Solar Subsidy Meltdown Spotlights How Beijing Gives, Takes Away
Make hay while the sun shines, and don’t store all your Chinese eggs in one basket. Those farmyard bits of wisdom are two of the biggest lessons coming from this week’s column, inspired by a reduction in Beijing’s generous solar power subsidies that came with little warning. The sudden change caught the industry napping and sent solar stocks plunging, spotlighting one of the biggest challenges facing both domestic and foreign firms doing business in China.
One of my contacts in the media industry, one of the most highly regulated in China, summarized the situation nicely when it comes to challenges posed by Beijing’s famously shifting regulatory winds. “There are maybe 50 or 60 challenges of doing business in China, too many to count to be honest,” he told me. “But this is easily on my list of the top five challenges by a far stretch.”
The latest policy shift that left everyone scrambling came quietly just before the weekend in a posting on a government website, a common practice in China. I won’t go into the details here and instead will include a link to our previous story for anyone who wants to know more.
The bottom line was that Beijing decided a building frenzy of the last few years had produced more than enough new solar power capacity, and that it was sharply reducing or outright eliminating many previous incentives to promote the sector. Chief among those moves was a sharp reduction in subsidies that had previously allowed solar farm operators to sell their power at inflated government-set prices that were well above market rates for cheaper coal-produced electricity.
The resulting carnage saw shares of solar panel manufacturers plunge, especially those that had come to rely heavily on their home market. One of my industry sources, an American who helps to design small-scale rooftop-style solar systems, noted the biggest impact for him was the huge uncertainty the change suddenly brought to the market. That meant that financiers and energy buyers were suddenly far more reluctant to enter into agreements, putting a huge chill on new development, he said.
Here I should step back and look quickly at the bigger picture in this type of situation. The broader reality is that this kind of development is completely par for the course in China and poses one of the biggest headaches for businesses that participate in such highly regulated sectors. The issue is bad enough in industries like media and energy, which are tightly controlled by Beijing. But it’s even worse for sectors like solar, which have been targeted for development and thus receive generous government subsidies that create artificial demand for products that would never be viable otherwise.
Beijing gives, takes away
But Beijing has shown time and again that what the government gives, it can also take away, often very quickly and with little notice. Another sector that has learned that lesson the hard way this past year is new energy cars.

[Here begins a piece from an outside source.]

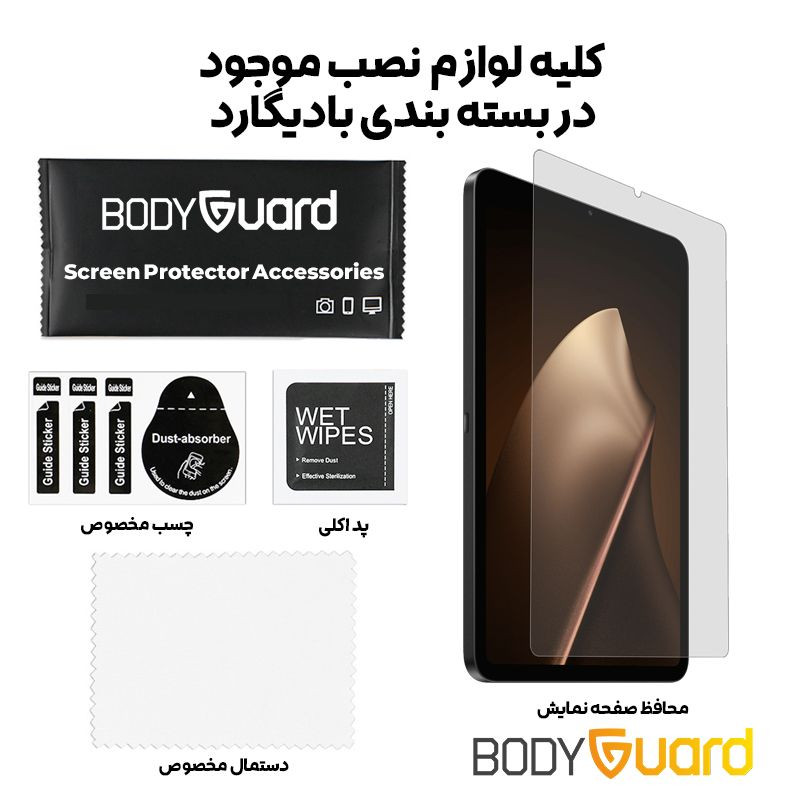 محافظ صفحه نمایش تبلت Xiaomi Pad Mini 8.8 inch / K Pad 8.8 inch از برند بادیگارد با طراحی دقیق و کیفیت ساخت بالا، محافظتی مؤثر و همهجانبه را برای نمایشگر این تبلت فراهم میکند. این گلس با استفاده از مواد مقاوم در برابر خط و خش، از صفحه نمایش در برابر آسیبهای روزمره مانند برخورد با اشیای تیز، ضربههای سطحی و گردوغبار محافظت میکند. شفافیت بالا و ضخامت کم آن باعث میشود وضوح تصویر و حساسیت لمسی تبلت حفظ شود و تجربهای روان و بینقص ارائه دهد. همچنین این محافظ با تکنولوژی ضد حباب تولید شده تا نصب آن بدون دردسر و بدون ایجاد لک یا حباب هوا انجام شود. در بستهبندی رسمی بادیگارد، تمام ابزارهای لازم برای نصب دقیق و آسان از جمله دستمال مخصوص، چسب راهنما، پد الکلی و برچسب جاذب گردوغبار موجود است. این گلس بهطور کامل با صفحهنمایش تبلت Xiaomi Pad Mini 8.8 inch / K Pad 8.8 inch هماهنگ بوده و بدون تداخل با قاب یا کاورهای محافظ، از لبه تا لبه محافظت میکند. انتخابی ایدهآل برای کسانی که همزمان بهدنبال دوام، زیبایی و کارایی هستند.

Beijing previously gave out generous subsidies to makers of such cars, offering grants for manufacturers and tax and other rebates to offset those cars’ high price tags.
Those efforts led to an explosion in new-energy car manufacturing, much of it by companies with little or no previous experience, resulting in a flood of mediocre vehicles into the market. Beijing abruptly slammed the brakes on the campaign by sharply reducing many of the subsidies last year, depriving many producers of their primary sales drivers. At the same time it switched the onus of promoting the sector to producers of traditional gas-powered cars, suddenly mandating that a fixed percentage of their annual sales come from new-energy vehicles. Months later the chaos created by all that change is still playing out.
All that said, my contacts did offer a range of comments and observations on some things companies can do to protect themselves from this kind of regulatory whimsy. The biggest involves diversification, especially when you’re doing business in a highly regulated area. One of my solar contacts pointed out that many of China’s largest solar panel manufacturers now sell large amounts of their output overseas, which has helped to shield them somewhat from the sudden chill in China.
The media contact I cited at the top of this column gave another example of an importer who had a hot product that was far superior to locally produced ones. For a while that company enjoyed huge profits, only to wake up one day and find it had been abruptly kicked out of the market by new government policies aimed at promoting the domestic industry. Fortunately, the company had used earlier profits to diversify its product mix by then, helping to cushion some of the blow.
That brings us to lesson No. 2, which says to make hay while the sun shines. A couple of contacts pointed out that government incentives for particular industries often offer golden opportunities for people who are well-placed to take advantage of the situation. At the same time, they added, such companies should also have an emergency escape route built in to their business plans for the day when the rug inevitably gets pulled from under their feet, as so often happens.
One source from the drug industry said his company doesn’t incorporate government incentives at all into its business plans, and simply treats them as an unexpected windfall when they occasionally occur, for example through subsidies for particular new medicines Beijing wants to promote.
Another source from the new energy car sector pointed out it’s often possible to get some advance warning when upcoming policy changes get discussed at industry forums or the government issues “requests for opinions” or certain topics. Such signals can help a company detect which way the political winds are blowing at any given moment, and perhaps provide a few extra months to prepare for major changes. But at the end of the day, most people pointed out there’s very little you can do to completely protect yourself from such regulatory whimsy, and that such changeable conditions are simply one of the costs of doing business in this market where government policy plays an unusually heavy role.